Sundari Mohan Das was the founder principal of the Calcutta National Medical College. He was born in Sylhet on 17 December 1857. He took his M.D. degree from Calcutta Medical College. Formerly he was Principle Emeritus of the National Medical Institute and Chittaranjan Hospital, Calcutta; President of the Indian Medical Association, Bengal Branch; Chairman of the Standing Health Committee; Calcutta Corporation; Chairman Nursing and Mandatory Examination Board; Chairman Eden.... committee Nursing Council's Bengal; Chairman Board Of Directors Universal Drug House Pvt. Ltd. A marble statue of Dr. Sundari Mohan Das was unveiled by Dr. Bidhan Chandra Roy, Chief Minister of West Bengal on 15 January 1956 at Calcutta National Medical College

Birth
The paternal home of Late Dr. Sundarimohon Das was in the village of Dighli, in the Sylhet District, now in Bangladesh. He was born in Sylhet on 17 December 1857. It was the time when the first war of Independence against British Rule - the Sepoy Mutiny- was raising its head all through India. He was born on the very day when the mutiny broke out at Latu, a village on the Eastern Border area of the district of Sylhet, then under British occupation.
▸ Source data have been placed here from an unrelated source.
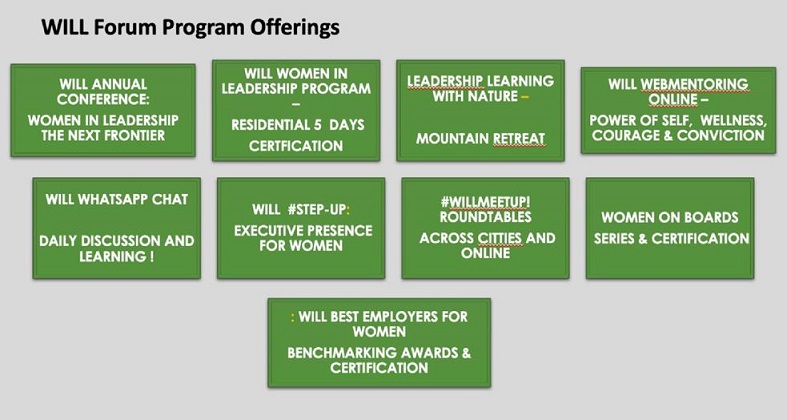 The "Forum for Women in Leadership", WILL Forum India-- is a unique and deeply committed mandate that will bring together senior women executives in leadership positions from across corporate India for an open dialogue on their aspirations, opportunities, nurturing mind-sets, mentoring and harnessing the rewards of collective thinking for improving the workplace in the coming years.
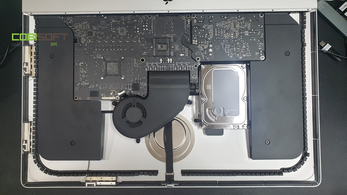 아이맥 27 내부! 살펴보면 좌우 스피커, 중앙에 팬, 하드, 메인보드, 파워가 몰려있는 배치이며 의뢰 모델은 퓨전드라이브 형식이라 현제 육안으로 보이는 3.5 HDD 하드와 내부 메인보드에 붙어있는 애플 SSD 부품을 모두 분리하고 SSD 업그레이드를 해줘야 됩니다.
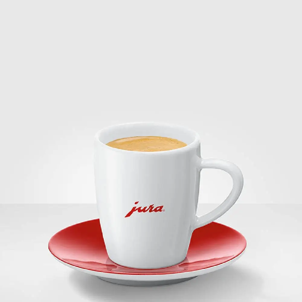 This cup and saucer set is a limited edition with a red colored saucer and the JURA logo on the cup.
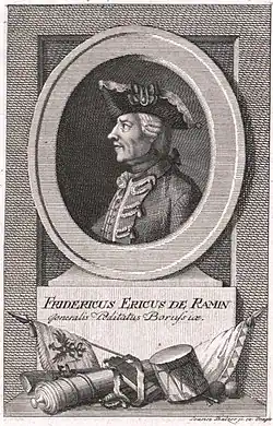 - ↑ Notiz der Spenerschen Zeitung vom 27. Mai 1747, Nr. LXIII, …,Nach der gestrigen Revue des Kalcksteinschen Regiments haben S.M. mit dem Orden p.l.m. begnadet...Friedrich Ehrenreich von Ramin...'
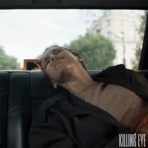 Villanelle (Jodi Comer) is severely wounded and urgently tells the driver to 'Drive faster!' during a tense taxi ride in Killing Eve.
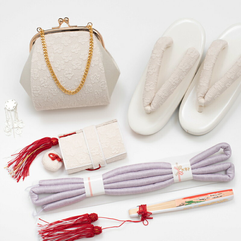 生地や柄にこだわったデザイン性のある小物が映えること間違いなし! 末広、はこせこ、丸ぐけ、ビラ簪、草履、バッグのセットです ★
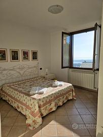 Dal soggiorno si accede al terrazzo panoramico, mentre il giardino privato è recintato È dotato di lettini prendisole.
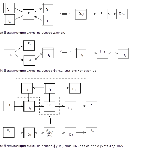 Рис. 2.5. Структурные преобразования схем, ориентированных на потоки данных.
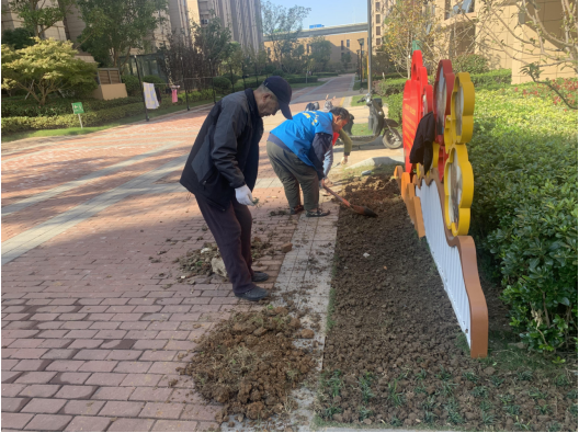 活動(dòng)期間,大家有的用鐵鍬翻地、有的挖坑撒種,各個(gè)環(huán)節(jié)銜接有序,配合默契,利用手上的修剪工具,給綠化植被造型,“整容”;給已枯萎的花草進(jìn)行補(bǔ)種;同時(shí),將參差不齊的樹叢細(xì)心修補(bǔ)。經(jīng)過(guò)修剪后的樹叢橫平豎直,植被在被修剪后增加了通風(fēng)與透光,陽(yáng)光一照進(jìn)來(lái),顯得格外精神,道路兩旁的花朵也爭(zhēng)相斗艷,社區(qū)面貌換然一新,整齊美觀。風(fēng)兒輕輕,草兒茵茵,烈日下的“園丁們”辛苦勞作著,在社區(qū)與他們的努力下,小區(qū)的花草書木熠熠生輝,充滿了生機(jī),保證了植物良好生長(zhǎng)。
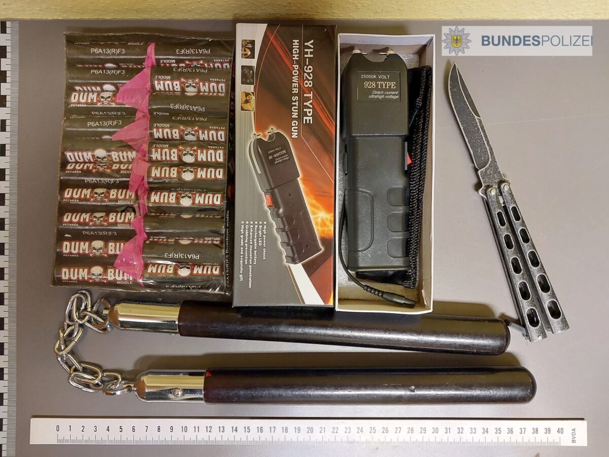 Die Bundespolizisten beschlagnahmten die verbotenen Gegenstände und zeigten den ehemaligen Besitzer wegen Verstößen gegen das Waffen- und Sprengstoffgesetz an.
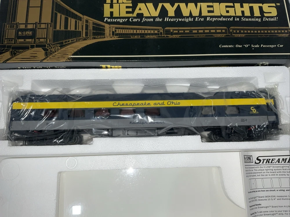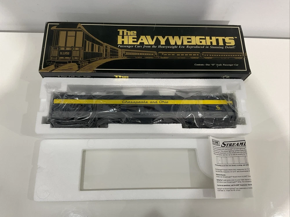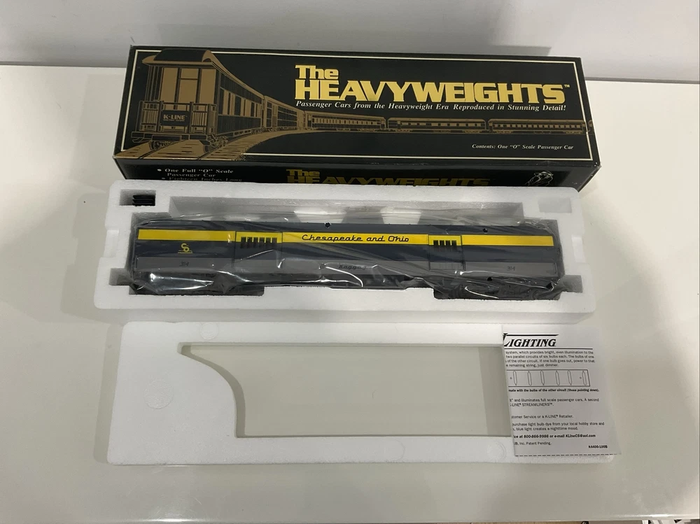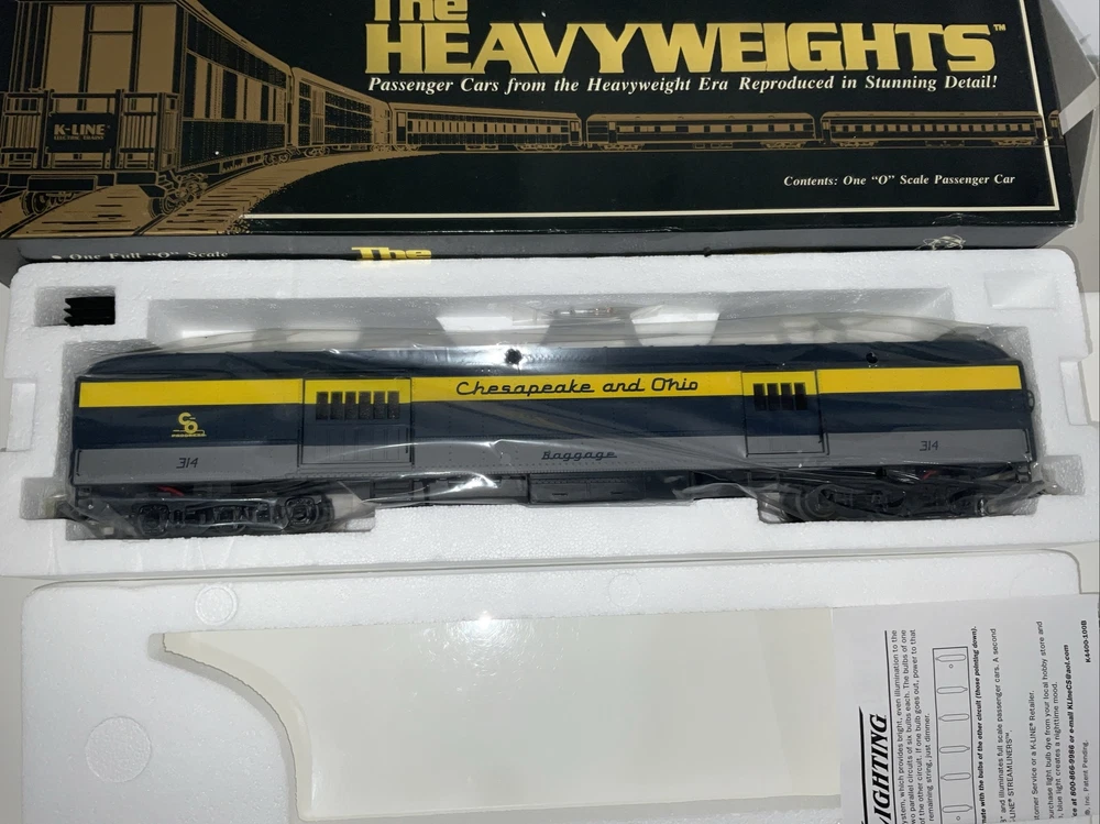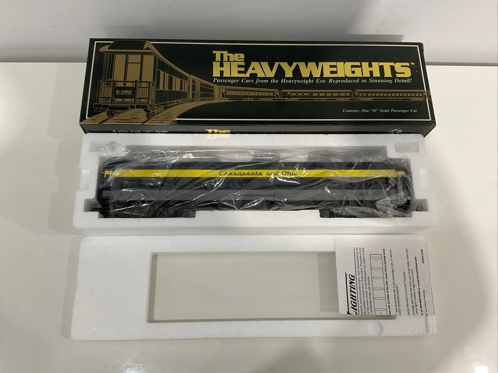 ITEMS WILL BE SHIPPED IN ORIGINAL CARDBOARD FACTORY BOX Includes (In Order of Pictures): K4415-0314 Baggage Car with Interior & StreamLighting K4415-1921 "American Revolution" Observation Car with Interior & StreamLighting K4415-1620 "Williamsburg" Coach with Interior & StreamLighting K4415-2801 "MONTICELLO" Pullman with Interior & StreamLighting K4415-0964 "Raleigh Tavern" Diner With Interior & StreamLighting Original Carboard Factory Box (5 PACK WILL BE SHIPPED IN ORIGINAL CARDBOARD FACTORY BOX (Seen in Last Picture) BUT NO OUTSIDE BOX TO PROTECT THE CARDBOARD FACTORY BOX ALL ARE BRAND NEW IN BOX; ONLY TAKEN OUT FOR PICTURES Passenger car boxes have relatively minimal wear; the original cardboard factory box has some wear due to being used for shipping purposes This is a rare opportunity to own a set of five K-Line passenger cars, all in an authentic paint scheme Chesapeake & Ohio paint schemes. These cars are ready to go and pre-built, perfect for adding to your model railroad collection. Each car measures 18 inches in length and is made in China, with a gauge of O. The set includes replicas of the Chesapeake & Ohio passenger cars, featuring the corporate roadname and theme of transportation. These cars are perfect for collectors or enthusiasts of model railroads and trains. Don't miss out on the chance to add these heavyweight passenger cars to your collection that have four bulb interior illumination!

On getting the news of the mutiny at Latu, many families started on evacuation from Sylhet town by boat and Sundarimohan's mother, who was in her sixth month of pregnancy, was also among the evacuees. Sundarimohan was born on one of such boats before the mature time. The newborn baby was so delicate that he had to be put in a cotton basket and there was great doubt whether the child would survive long.

His father Swarup Chandra Das (also known as Dewan Swarup Chand) had been serving as a Dewan in the Sylhet Collectorate which at that time was under Dacca Commissariat. Later Swarup Chandra was promoted and transferred to Calcutta as Head Dewan of Kalighat. Gabindapur and Sutanuit which were, during that period, under East India Company.

Education
Sundarimohan's school education started in Sylhet. He passed the entrance examination from the Sylhet Government Pilot High School. After passing his examination Sundarimohan came to Calcutta (modern Kolkata) to prosecute his further studies. He passed his F.A. Examination from the Presidency College. He took his M.B. degree from the Calcutta Medical College. He was a good scholar all through his educational career and earned scholarship starting from the lowest school stage up to the stage in the Calcutta medical college.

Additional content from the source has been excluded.